> _REQUIREMENT_: Pictures stay out of the copy; output exactly the lines from the one containing "max 44.5cm |" through the end of the material.

> _INFORMATION_:
◆ ◆ ◆

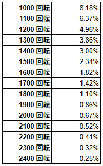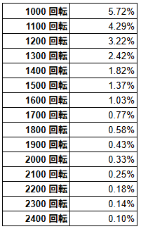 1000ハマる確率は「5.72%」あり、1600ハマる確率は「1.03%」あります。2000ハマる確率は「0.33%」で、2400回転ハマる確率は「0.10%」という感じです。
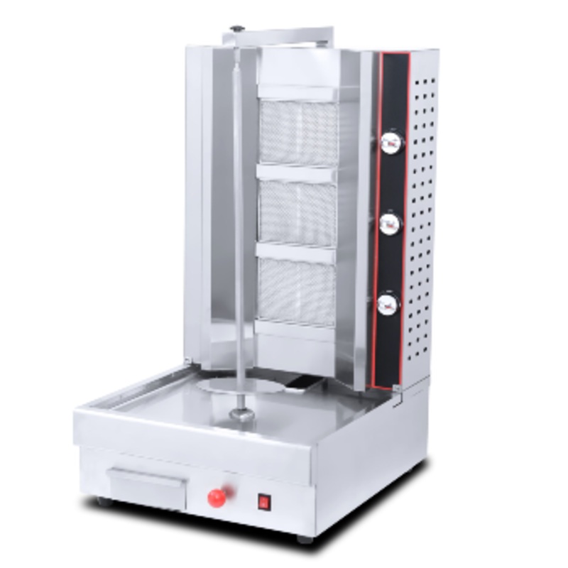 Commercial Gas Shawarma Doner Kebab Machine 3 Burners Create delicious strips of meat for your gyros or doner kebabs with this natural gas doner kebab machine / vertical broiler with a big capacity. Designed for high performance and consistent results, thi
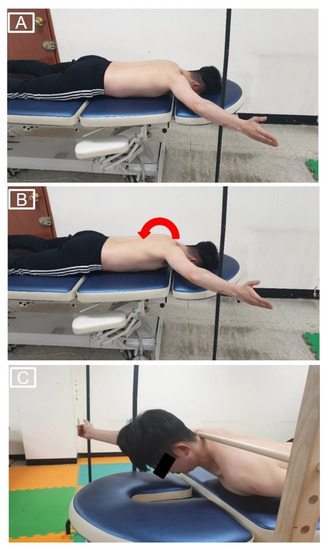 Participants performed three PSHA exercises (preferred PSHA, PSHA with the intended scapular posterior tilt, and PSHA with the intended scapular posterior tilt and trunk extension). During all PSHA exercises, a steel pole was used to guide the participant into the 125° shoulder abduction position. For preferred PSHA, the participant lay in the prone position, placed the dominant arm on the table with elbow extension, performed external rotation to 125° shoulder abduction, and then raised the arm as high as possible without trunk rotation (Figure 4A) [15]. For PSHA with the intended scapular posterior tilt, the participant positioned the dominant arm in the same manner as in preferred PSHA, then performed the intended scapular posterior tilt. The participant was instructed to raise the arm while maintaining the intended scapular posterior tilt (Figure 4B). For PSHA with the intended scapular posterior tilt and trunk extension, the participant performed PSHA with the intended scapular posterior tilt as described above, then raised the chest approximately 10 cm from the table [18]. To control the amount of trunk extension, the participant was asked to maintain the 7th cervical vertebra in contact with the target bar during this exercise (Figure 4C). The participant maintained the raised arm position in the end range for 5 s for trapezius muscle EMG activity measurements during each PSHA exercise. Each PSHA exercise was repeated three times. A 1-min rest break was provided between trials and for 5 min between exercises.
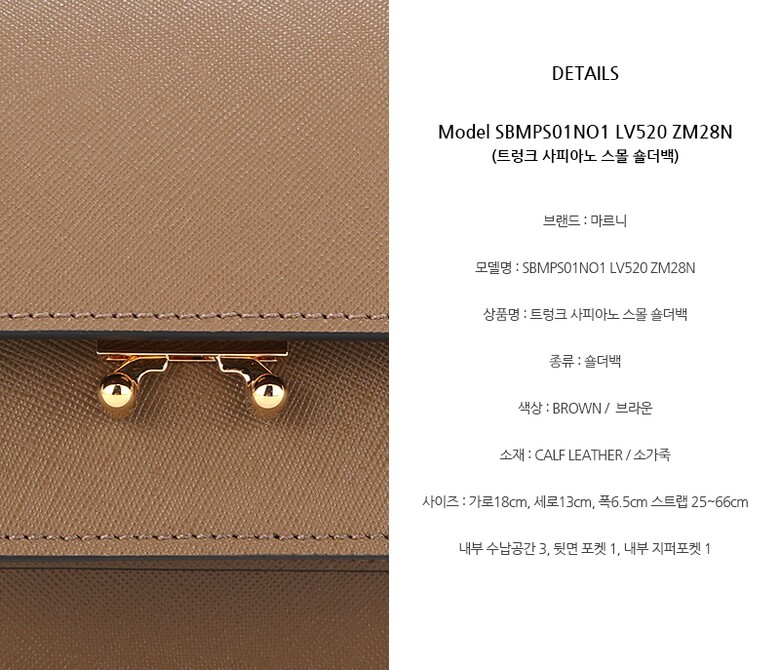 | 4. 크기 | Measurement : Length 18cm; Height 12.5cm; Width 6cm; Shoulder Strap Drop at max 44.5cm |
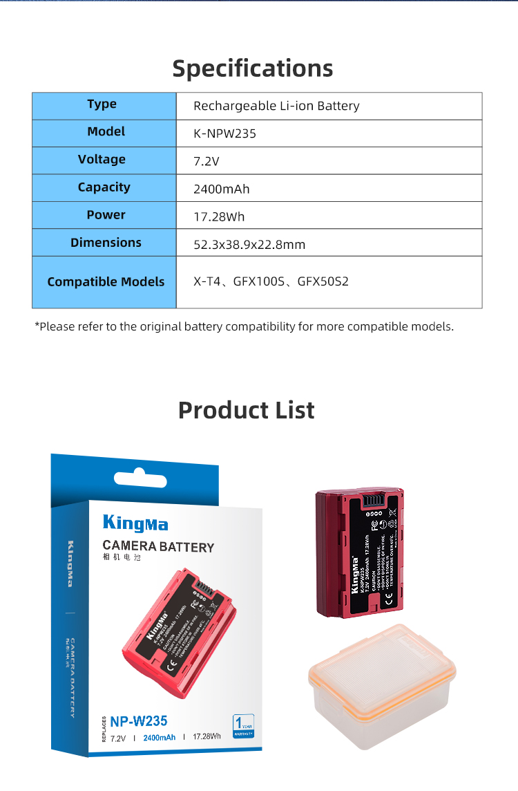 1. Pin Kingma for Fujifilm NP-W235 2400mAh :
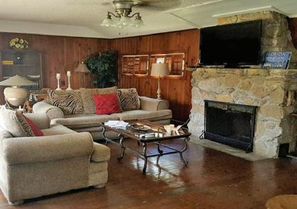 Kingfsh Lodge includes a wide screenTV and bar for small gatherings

◆ ◆ ◆

> _ANSWER BELOW_:
 | 4. 크기 | Measurement : Length 18cm; Height 12.5cm; Width 6cm; Shoulder Strap Drop at max 44.5cm |
 1. Pin Kingma for Fujifilm NP-W235 2400mAh :
 Kingfsh Lodge includes a wide screenTV and bar for small gatherings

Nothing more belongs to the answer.